Ces mesures prises par les autorités ont gravement violé les droits fondamentaux des mineurs, qui sont tous des résidents israéliens. Il n’est pas logique d’effectuer une opération militaire d’arrestation de ce style au milieu de la nuit, dans le but d’interroger des enfants soupçonnés d’avoir lancé des pierres, et cette ligne de conduite ne peut être justifiée par aucun motif. Il est difficile de croire que les forces de sécurité auraient agi de même contre des mineurs juifs.
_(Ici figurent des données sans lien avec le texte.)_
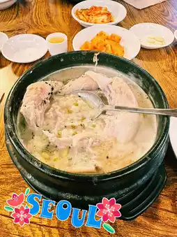 Tosokchon, a super famous restaurant near Gyeongbokgung Palace in Seoul, is a must-visit for Samgyetang lovers. The soup, filled with a whole chicken, glutinous rice, ginseng, jujube, and more, is rich yet refreshing, offering a flavor that warms the soul. The traditional Hanok-style ambiance is also a big plus!
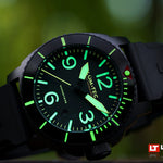 The rugged look and classic stylings of the M90 Automatic Watch aren’t just for show—this is one tough watch that can handle all the rigors of your day to day. Every single one of the 300, limited-edition M90s was carefully assembled by hand in Ohio from a bronze case powered by Swiss 26 Jewel Sellita movement, and finished with swappable military-style straps. Like all Lum-Tec watches, the M90 is built to withstand the challenges of a life lived in the field, no matter what that means to you—whether it’s thru-hiking the North Country Trail, rafting the Arkansas River, or just working away at your 9-5. No work is too tough for this Lum-tec M90 diving watch.Every LÜM-TEC watch features exclusive MDV Technology, a special 8-layer application of ultra bright glowing Super-Luminova photoluminescent material. MDV hands and dials are extremely visible in all light conditions, making this watch perfect for red-eye travelers, evening joggers, and casual divers alike.
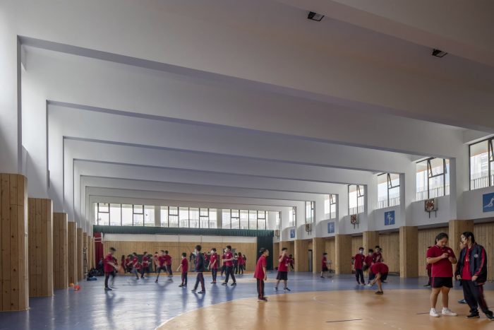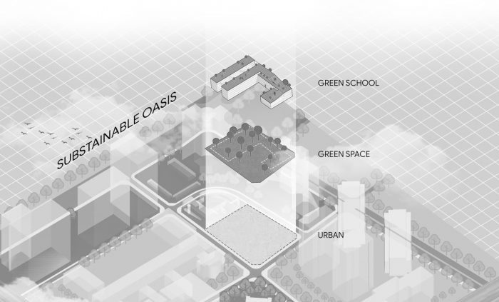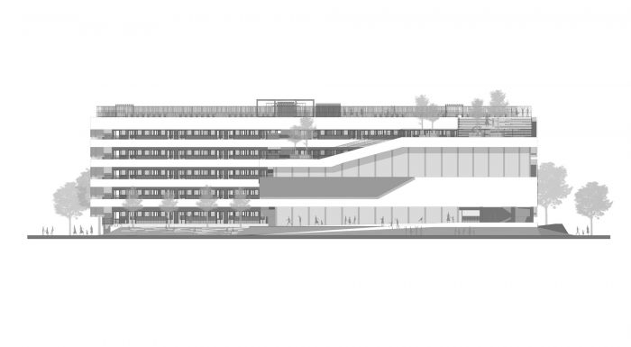 目标是在东北-西南轴线上优先安排教室,以实现最佳的通风和自然采光,并确保舒适和防噪音。学校被规划在土地的背面,远离主干道。具有多种功能的体育馆可以为社区服务,如游泳池,多功能区安排在主干道旁--方便进出,起到了防止主干道的噪音影响教室的作用。
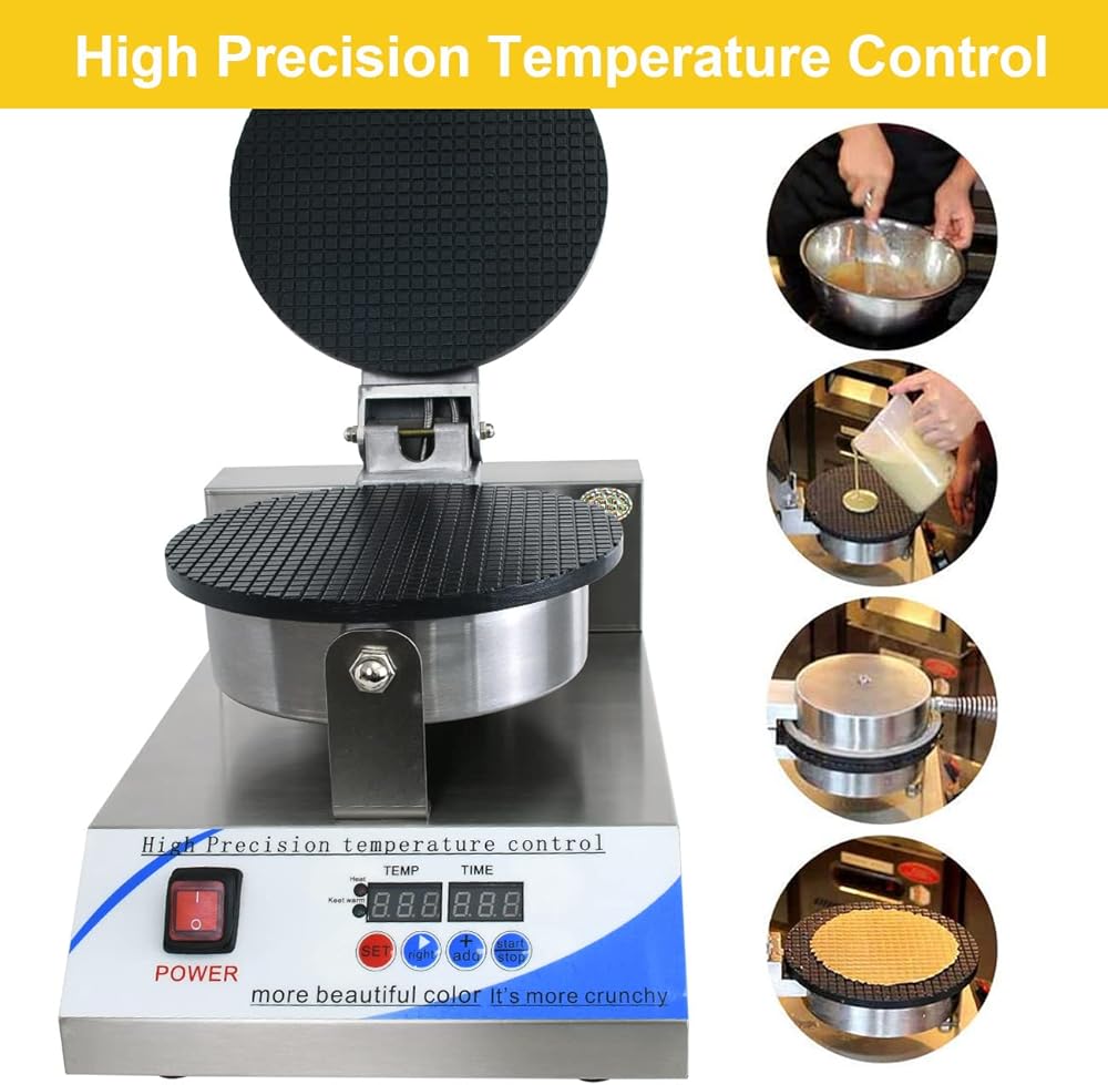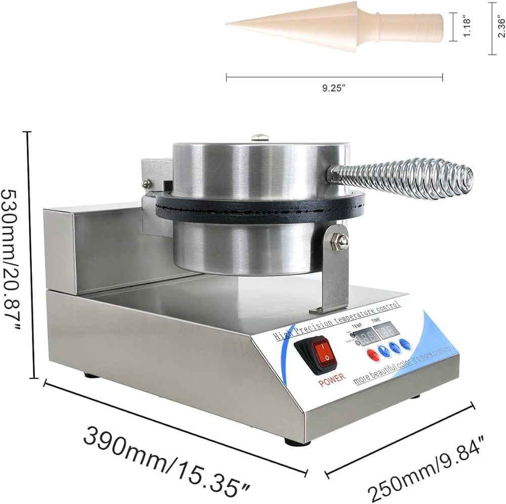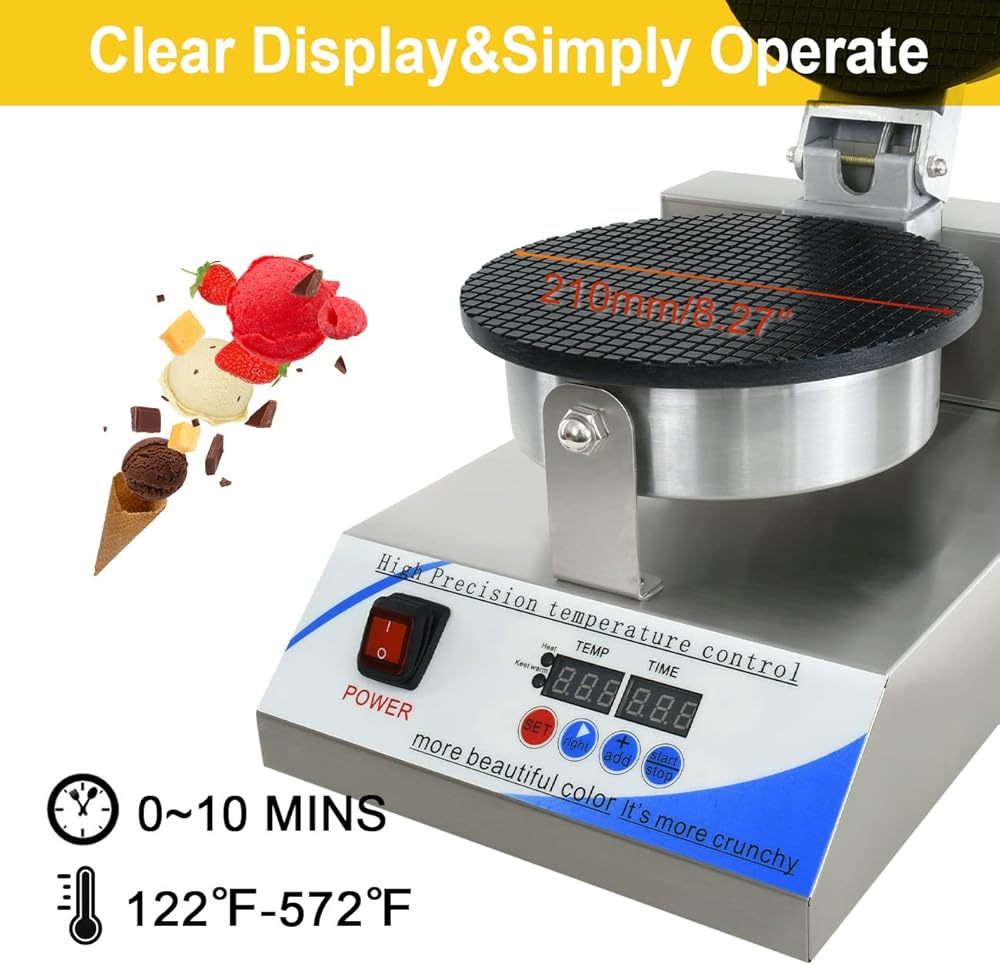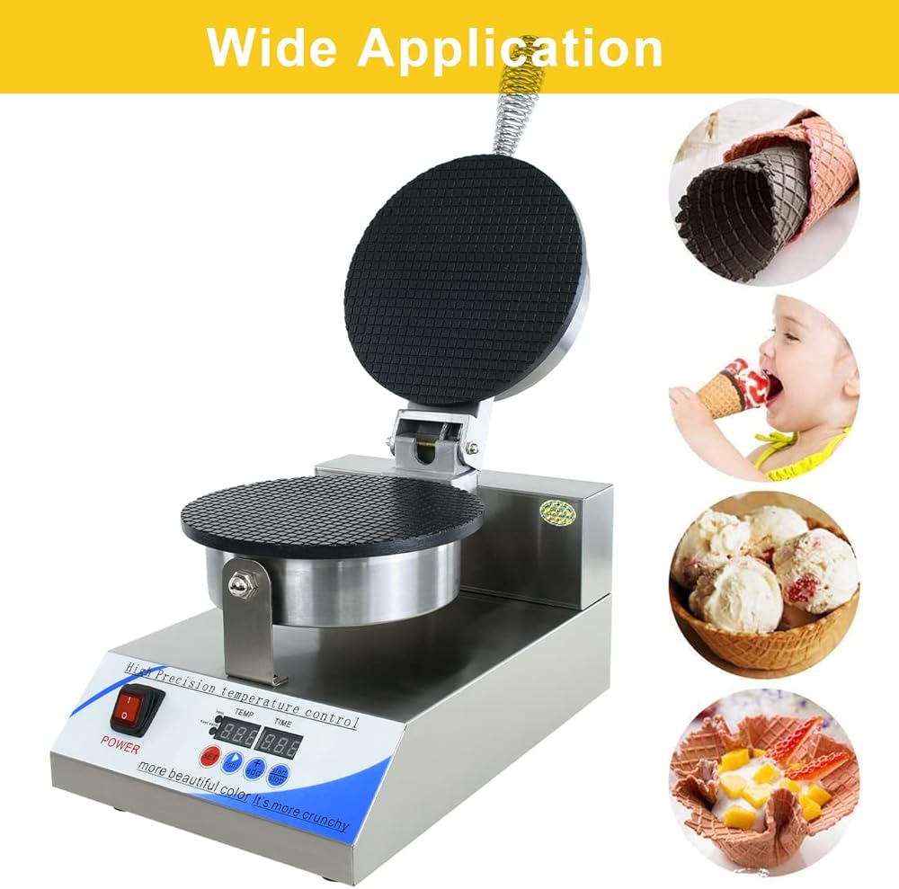 صانع مخروط الآيس كريم الكهربائي من NJTFHU، صانع مخروط الوافل التجاري 110 فولت للمنزل، مع التحكم في درجة الحرارة والوقت LED، طلاء غير لاصق 1300 وات 8.3 بوصة، من الفولاذ المقاوم للصدأ للمطبخ والمخابز وبار الوجبات الخفيفة
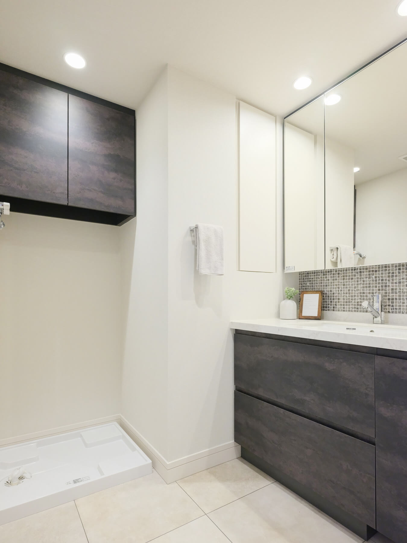 脱衣スペースを兼ねた洗面室。大きな三面鏡付きの洗面化粧台が設置されています。モザイクタイルのバックガードがスタイリッシュな雰囲気を演出。洗濯機置き場の上には吊戸棚があり、洗濯用品をすっきり収納できます。
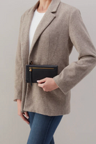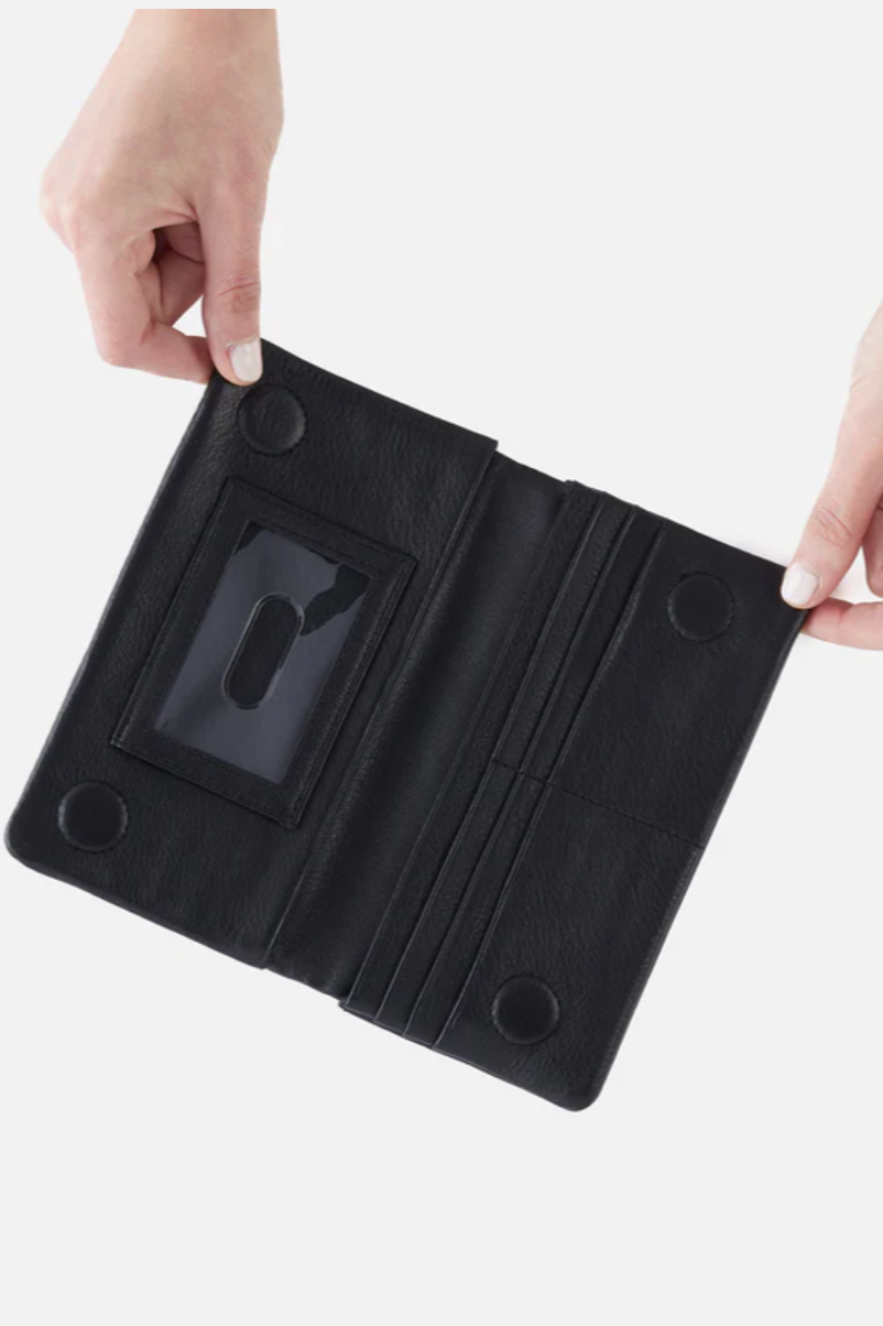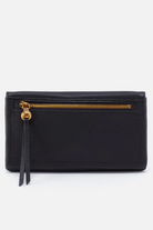 The Lumen Continental Wallet - Black is a streamlined continental wallet featuring a front zip pocket and a pebbled texture. Hobo crafts it from textured black leather for a polished look and durable feel. Its slim silhouette keeps cards, cash, and essentials organized whether you're at the office or out on the town.
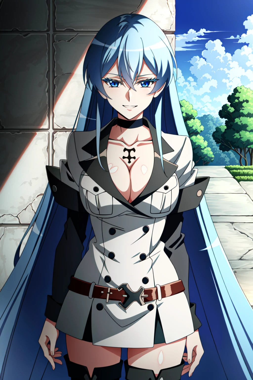 Esdeath, 1girl, solo, breasts, thigh boots, long hair, blue hair, blue eyes, thighhighs, hat, solo, very long hair, cleavage, boots, white footwear, large breasts, military uniform, military, uniform, choker, ice, peaked cap, sky, zettai ryouiki, cloud, white thighhighs
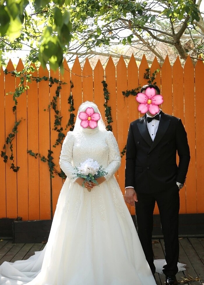 Süleyman Güvenç Özel tasarimdir. 44 52 beden uyumludur. Gizli ipli korsesi vardir.Aynı işlemeden Tasarim Rahibe Duvak dahildir.
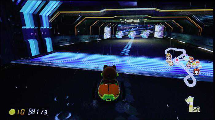 就算非3A游戏,在A1H下也能获得不错的音画体验,像《马里奥赛车8豪华版》中一些细节展现得更加清晰,比如第一名选手最怕的“蓝龟壳”,当其他玩家发射出来后,声音由远到近的变化在音箱展现得非常明显。
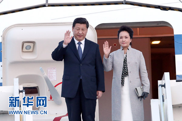 ????當(dāng)?shù)貢r(shí)間25日下午6時(shí)40分許,習(xí)近平乘坐的專機(jī)抵達(dá)里昂機(jī)場。法國外長法比尤斯受法國總統(tǒng)奧朗德指派專程前來迎接習(xí)近平和夫人彭麗媛。羅訥省省長卡朗科、里昂市長科隆也到機(jī)場歡迎。

B’Tselem a envoyé une lettre urgente au commandant de police du district de Jérusalem, le général Aharon Franco, et à la tête du Département de l’enquête de police, Herzl Shviro, exigeant que les opérations d’arrestations des mineurs de Silwan par la police, l’ISA [le Shabak, service de sécurité intérieure], la police des frontières, cessent. Si un enfant du quartier est soupçonné d’avoir commis une infraction criminelle, il peut être convoqué pour un interrogatoire en présence d’un adulte le représentant. En outre, l’interrogatoire doit être mené par les interrogateurs de la jeunesse.